In short, the banks have failed to meet their burden of proving that this merger would have the probable effect of meeting the convenience and needs of the community. At best, they have convinced us that this is a possibility. They have failed to establish "that the anticompetitive effects of the proposed transaction are clearly outweighed in the public interest by the probable effect of the transaction in meeting the convenience and needs of the community to be served." Title 12 U.S.C. § 1828(c)(5)(B).
The Comptroller of the Currency presented a very appealing jury case. His witnesses, outstanding bankers and businessmen, established by a fair preponderance of the evidence (a) that they were convinced that the merger was a good thing for Philadelphia, as well as the banks; (b) that instead of the fears voiced by the economists for Justice that competition would be lessened, there would be strengthened competition both at the retail and wholesale level; (c) that not entirely as a measure of civic pride, another bank of the size contemplated would redound to the economic benefit of Philadelphia. It is not necessary to delineate in detail the testimony adduced. It was extremely persuasive and most interesting, but where the Judge must declare the law and the findings of fact, he cannot deviate one jot from those requirements. The present posture of the antitrust laws, as declared by the Congress and the Opinions of the Supreme Court, require the result reached. Comptroller Saxon's remarks about the necessity of financing urban renewal, redevelopment of the ghettos, etc., are in this day and age peculiarly appropriate. However, since the Court must adhere to a quantitative, rather than a qualitative theory, the result is inevitable.

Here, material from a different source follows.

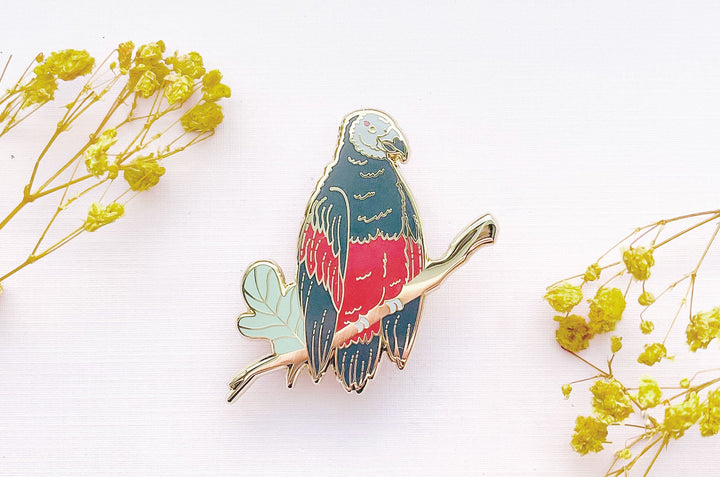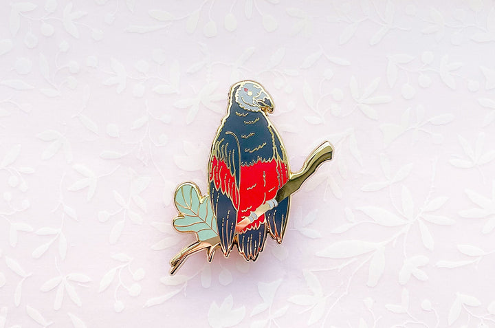 This beautiful Dracula Parrot Enamel Pin features the bird native to New Guinea and is also known as the vulturine parrot which prefers to feed on figs. This hard enamel pin is 2" from tip to tip and was my Patreon Award for June 2023. This hard enamel pin is set on a highly-polished gold-plated metal and has two posts on the back.Please check out my Shipping and Handling page for information regarding shipping transit times, customs and international shipping options and more.
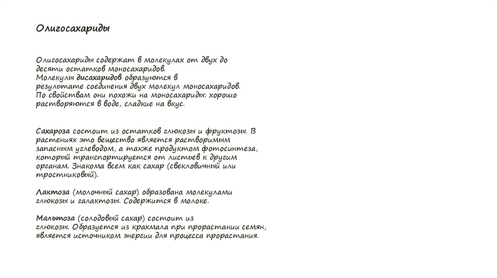 ОлигосахаридыОлигосахариды содержат в молекулах от двух до

It might also be pertinent to comment at this point on the effect of the Government's rebuttal testimony after the banks' and the Comptroller's showing of convenience and needs. The witnesses, a small banker, a city official, and small businessmen, were apparently produced for the purpose of showing that where the larger urban bank moved into suburban territory, it was not a good thing for the community. The banker, a very estimable gentleman, who lives on the perimeter but within the four-county area, clearly indicated that he knew nothing about the problems confronting the Philadelphia banks and could throw no light on whether the merger was good or bad for the community. The other witnesses definitely proved and established beyond peradventure of doubt that the coming of the branches of the urban bank into the suburban community created banking competition where none had been in existence before and definitely added to the well-being generally and economy of the entire community. Instead of proving that branch banking into small towns was harmful, Justice definitely proved the contrary.
The foregoing will constitute the general Findings of Fact and Conclusions of Law of the trial Judge. Each party, Justice, the banks, and the intervenor, have submitted, in different forms, Requests for Findings of Fact and Conclusions of Law. The rulings thereon will be filed as an appendix [not reproduced] to this Opinion. In any instance where there may be any lack of clarity in approved Requests for Findings of Fact or Conclusions of Law, the language of the Opinion will govern.
And Now, to wit, this 12th day of February, 1968, for the reasons set forth above, it is Ordered, Adjudged and Decreed as follows:
That the Agreement of Merger dated November 10, 1965 between the defendants, Provident National Bank and Central-Penn National Bank of Philadelphia, be and it is hereby Adjudged and Decreed to be unlawful, in violation of B.M.A. 1966 (80 Stat. 7);
Further that defendants, Provident National Bank and Central-Penn National Bank of Philadelphia, and all persons acting on their behalf, be enjoined from carrying out the Agreement of Merger or any similar plan or agreement, the effect of which would be to merge or consolidate said defendants.